At this time we were able to use a Glidewire with considerable difficulty.
However, it was able to go through the stent and up into the aorta, and we were
able to place a 6-French LIMA catheter to the aorta. Glidewire was brought
back, and the LIMA catheter was engaged to the right common iliac segment. The
Glidewire was placed into the right common femoral artery. However, we were
unable to significantly move the sheath past the right common iliac segment.
Thus, the wire was removed, and angiography with the catheter at the level of
the right common iliac was performed down the right leg.
At this point the catheter was removed over the wire, and manual pressure was
held to the left common femoral artery with good groin hemostasis and no
evidence of oozing, bruising, or hematoma.

IMPRESSION:
1. On the right side there is some tortuosity of the right iliac system.
However, it remains widely patent.
2. There is a heavily calcified moderate-to-severe 60-80% lesion of the right
common femoral artery.
3. In the proximal superficial femoral artery there is a chronic total
occlusion. It is a very diffusely heavily calcified vessel with distal
reconstitution from a profunda artery. The popliteal artery is widely
patent. Due to slow flow we are unable to visualize the infrapopliteal
segment.
4. Left common iliac is heavily tortuous. There is a corkscrew-like segment,
just distal to a widely patent common iliac stent.
5. Left common femoral artery is heavily calcified, but is patent with only
mild-to-moderate 30-60% disease.
6. The SFA is patent. There is proximal moderate disease. This is heavily
calcified.
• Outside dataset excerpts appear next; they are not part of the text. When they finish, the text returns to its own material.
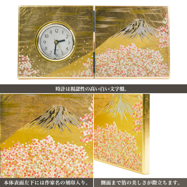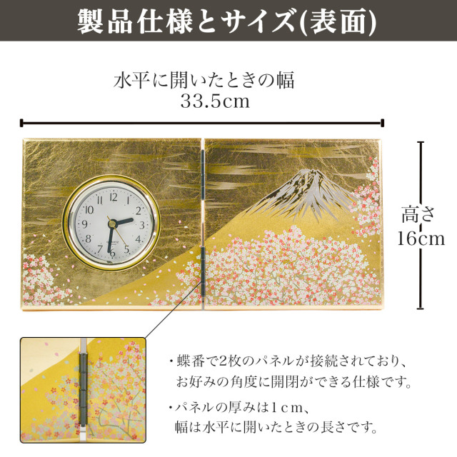 日本最高峰の山であり、日本文化の象徴として古くから親しまれている富士山と日本を代表する美しい桜のコラボレーション描かれた、見開きタイプの屏風時計(置時計)です。
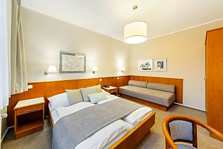 The Sněžka hotel with its charming architecture belongs to the most remarkable buildings in Špindlerův Mlýn, located about 656 feet from the town center. Enjoy marvelous views of the Giant Mountains towards the slopes of the Medvědín. During the summer months, guests can enjoy a complimentary daily cable car ticket to Sv. Petr or Medvědín. This is an ideal place both for winter as well as for summer holidays, offering easy access to the slopes and to wonderful hiking and biking paths. Guests can enjoy on-site spa facilities for free in case of staying for 2 and more nights. Prior reservation is needed. Wireless internet access is available. The Sněžka hotel features luxurious rooms, a lobby bar and a restaurant with a terrace offering fine local and Czech cuisine.
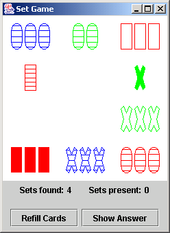 Twelve cards are initially displayed on the table. As players identify and pick up sets, the holes are filled by dealing replacement cards. The game is over when all the cards have been dealt, and no more sets can be formed. The maximum number of sets is 27. Because each individual card can participate in quite a few set, it is possible to find yourself at the end of the game with several cards that cannot be matched.

There is long stenting of the entire proximal-to-distal SFA
segment with mild in-stent restenosis. This again is heavily calcified.
7. The left popliteal artery is widely open. The proximal segment of the
bifurcation is also patent.

POST PROCEDUREOST PROCEDURE: The patient tolerated the procedure well and remained
hemodynamically stable. There is good groin hemostasis. There is no evidence
of oozing, bruising, or hematoma. We will closely follow on medical therapy.
We will need to further discuss his overall risks,
benefits, and alternatives of peripheral bypass surgery.


----------



## jmcpolin (Mar 13, 2012)

36246
75716
75736


----------



## dpeoples (Mar 13, 2012)

em2177 said:


> NEED HELP CODING THIS SCENARIO:
> 
> *REASON FOR EVALUATION: Peripheral arterial disease.*
> HISTORY OF THE PRESENT ILLNESS: This patient is well known to me for history
> ...



I would code:
36245/75716

HTH


----------



## Jim Pawloski (Mar 14, 2012)

dpeoples said:


> I would code:
> 36246/75716
> 
> HTH



I agree with you Danny.  There is no documentation of selective internal iliac to code 75736.

Jim Pawloski, CIRCC


----------



## theresa.dix@tennova.com (Mar 15, 2012)

Jim Pawloski said:


> I agree with you Danny.  There is no documentation of selective internal iliac to code 75736.
> 
> Jim Pawloski, CIRCC




I must be missing something. Where is the cath placement code for 36246? I read this over and over.


----------



## dpeoples (Mar 15, 2012)

theresa.dix@ethc.com said:


> I must be missing something. Where is the cath placement code for 36246? I read this over and over.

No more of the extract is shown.